— About this task —
What you write must match the records exactly, except for the images, which are left out.

(Records drawn from a dataset)

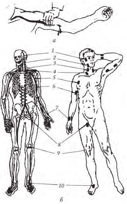 а – методика прижатия артерии; б – типичные места прижатия артерий: 1 – височной; 2 – нижнечелюстной; 3 – общей сонной; 4 – подключичной; 5 – подмышечной; 6 – плечевой; 7– лучевой; 8 – бедренной; 9 – подколенной; 10 – тыльной артерии стопы
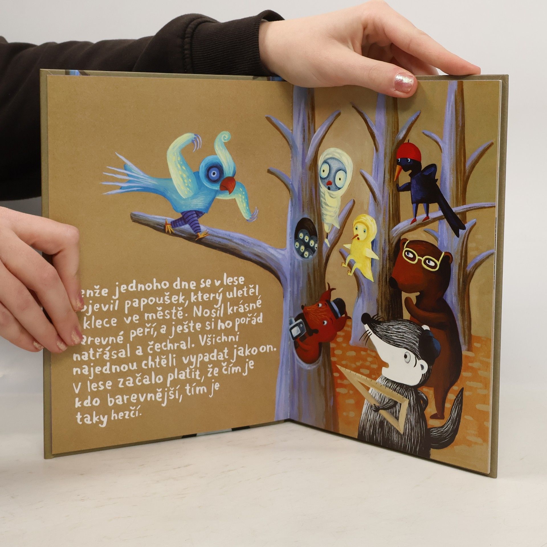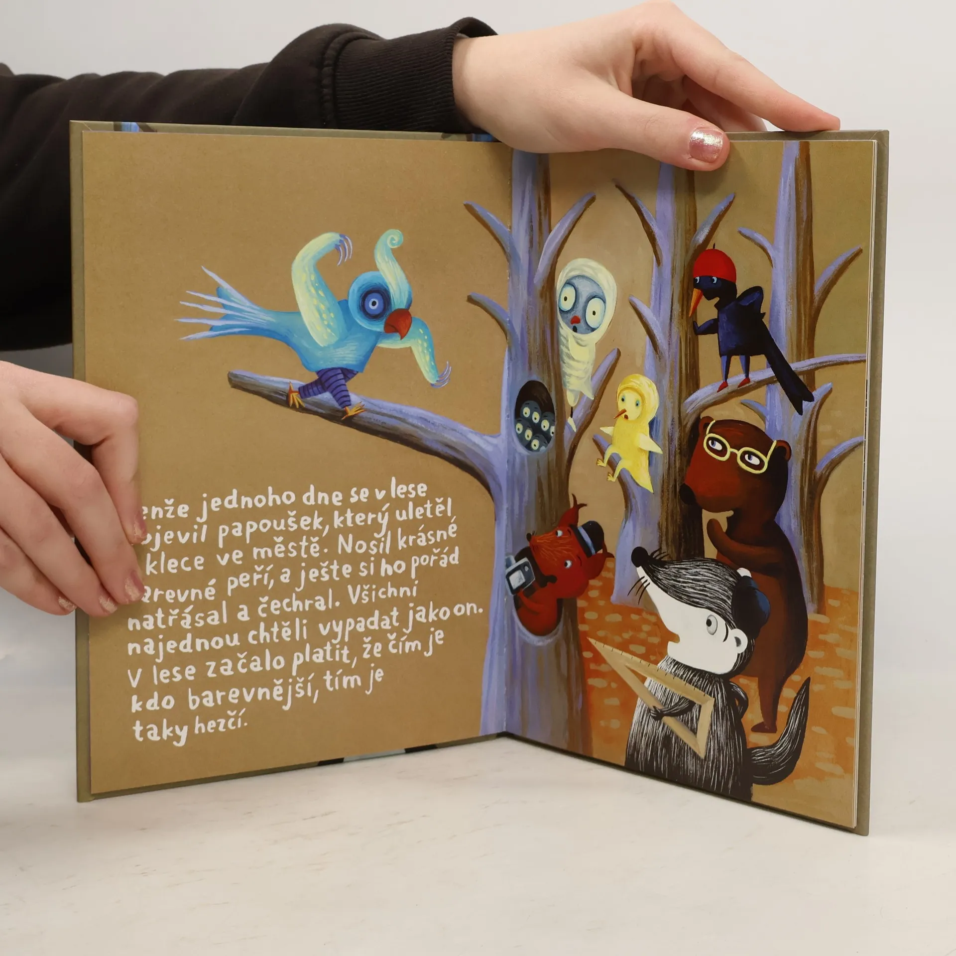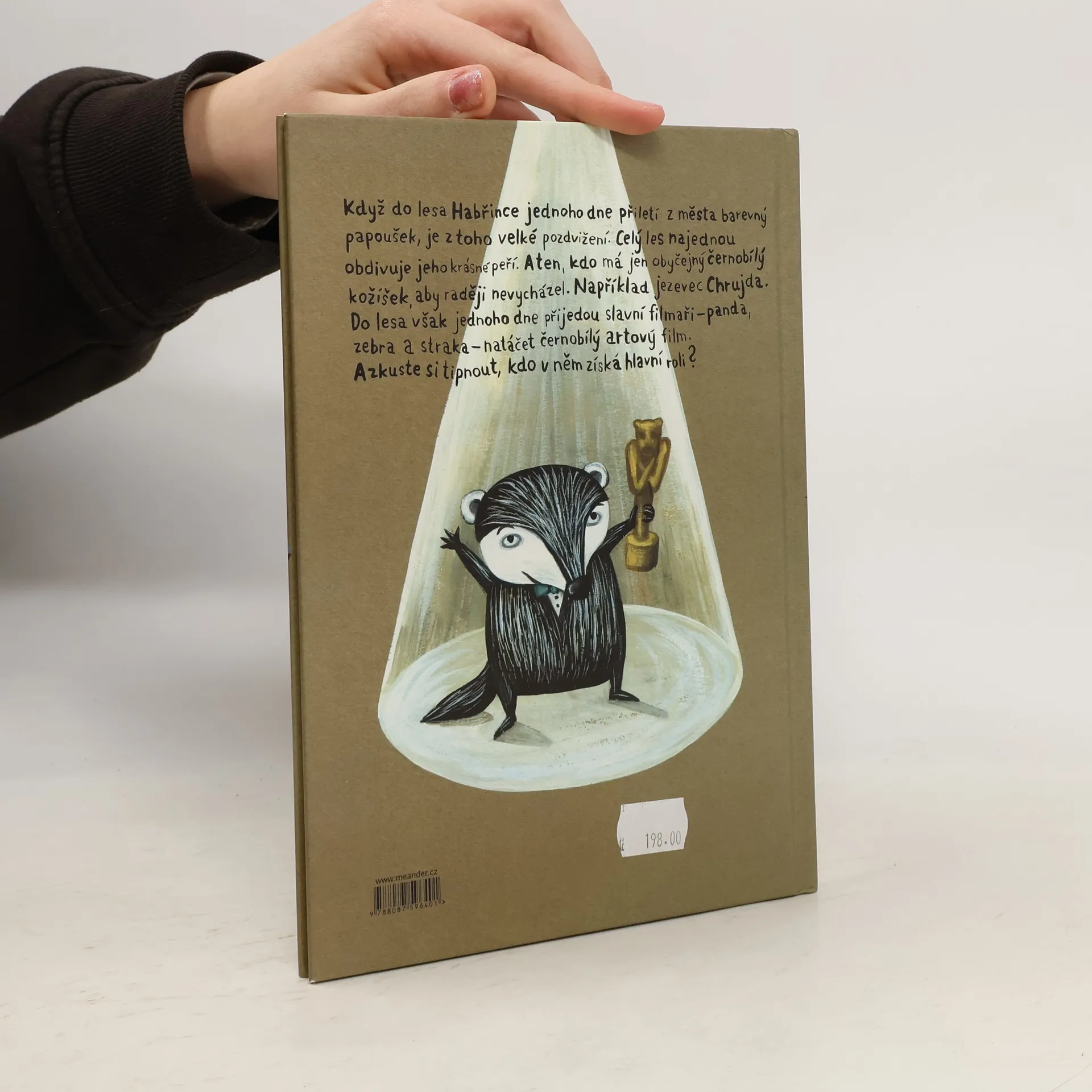 Když do lesa Habřince jednoho dne přiletí z města papoušek, je z toho velké pozdvižení. Všechna zvířátka najednou obdivují jeho krásně pestrobarevné peří, zatímco ten, kdo má jen černobílý kožíšek, upadá v přezíravé přehlížení. Například jezevec Chrujda. Pak ale do lesa přijedou tři černobílí filmaři – panda, zebra a straka – natáčet černobílý film. A kdo v něm získá hlavní roli? No přece náš jezevec... Příběh malé čtenáře hravou formou vede k poznání, že to podstatné u lidí, stejně jako u zvířátek, nemají hledat na povrchu, ale v nitru. A že móda se rychle mění, kdežto opravdové přátelství zůstává stále.
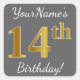 Grey, Faux Gold 14th Birthday + Custom Name Square Sticker
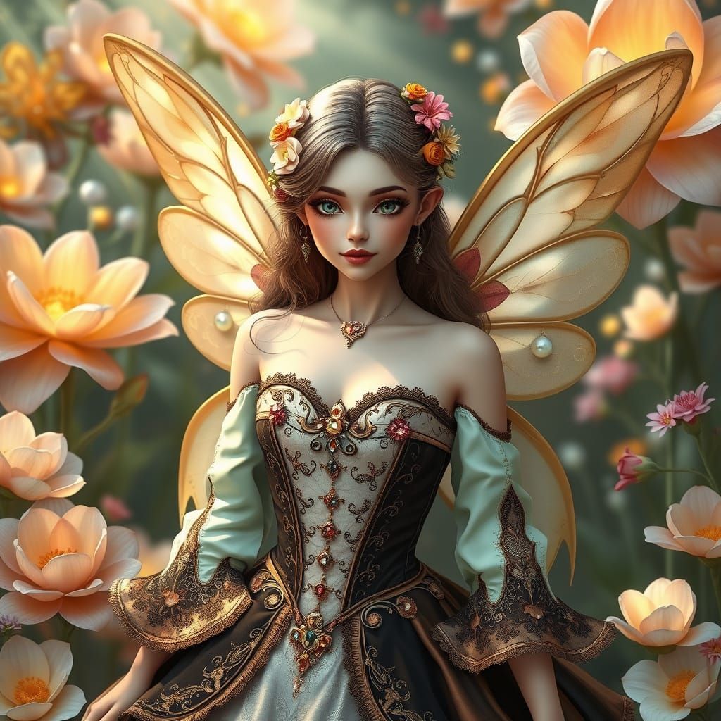 A striking picture of a porcelain-skinned fairy goddess adorned with flowers and gems. She wears an elaborate Rococo dress with a corset and silk sleeves, complemented by large, pearlescent wings in a bright, divine style.
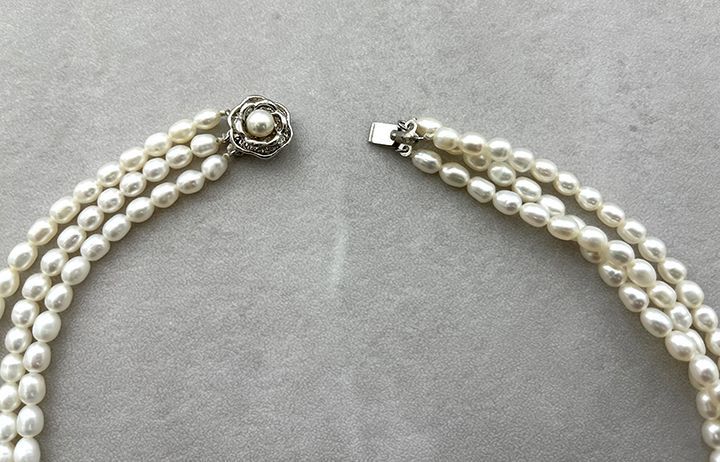 当店で買い付けていた淡水パールの3連チョーカーネックレスです。

— Finished task —
 а – методика прижатия артерии; б – типичные места прижатия артерий: 1 – височной; 2 – нижнечелюстной; 3 – общей сонной; 4 – подключичной; 5 – подмышечной; 6 – плечевой; 7– лучевой; 8 – бедренной; 9 – подколенной; 10 – тыльной артерии стопы
 Když do lesa Habřince jednoho dne přiletí z města papoušek, je z toho velké pozdvižení. Všechna zvířátka najednou obdivují jeho krásně pestrobarevné peří, zatímco ten, kdo má jen černobílý kožíšek, upadá v přezíravé přehlížení. Například jezevec Chrujda. Pak ale do lesa přijedou tři černobílí filmaři – panda, zebra a straka – natáčet černobílý film. A kdo v něm získá hlavní roli? No přece náš jezevec... Příběh malé čtenáře hravou formou vede k poznání, že to podstatné u lidí, stejně jako u zvířátek, nemají hledat na povrchu, ale v nitru. A že móda se rychle mění, kdežto opravdové přátelství zůstává stále.
 Grey, Faux Gold 14th Birthday + Custom Name Square Sticker
 A striking picture of a porcelain-skinned fairy goddess adorned with flowers and gems. She wears an elaborate Rococo dress with a corset and silk sleeves, complemented by large, pearlescent wings in a bright, divine style.
 当店で買い付けていた淡水パールの3連チョーカーネックレスです。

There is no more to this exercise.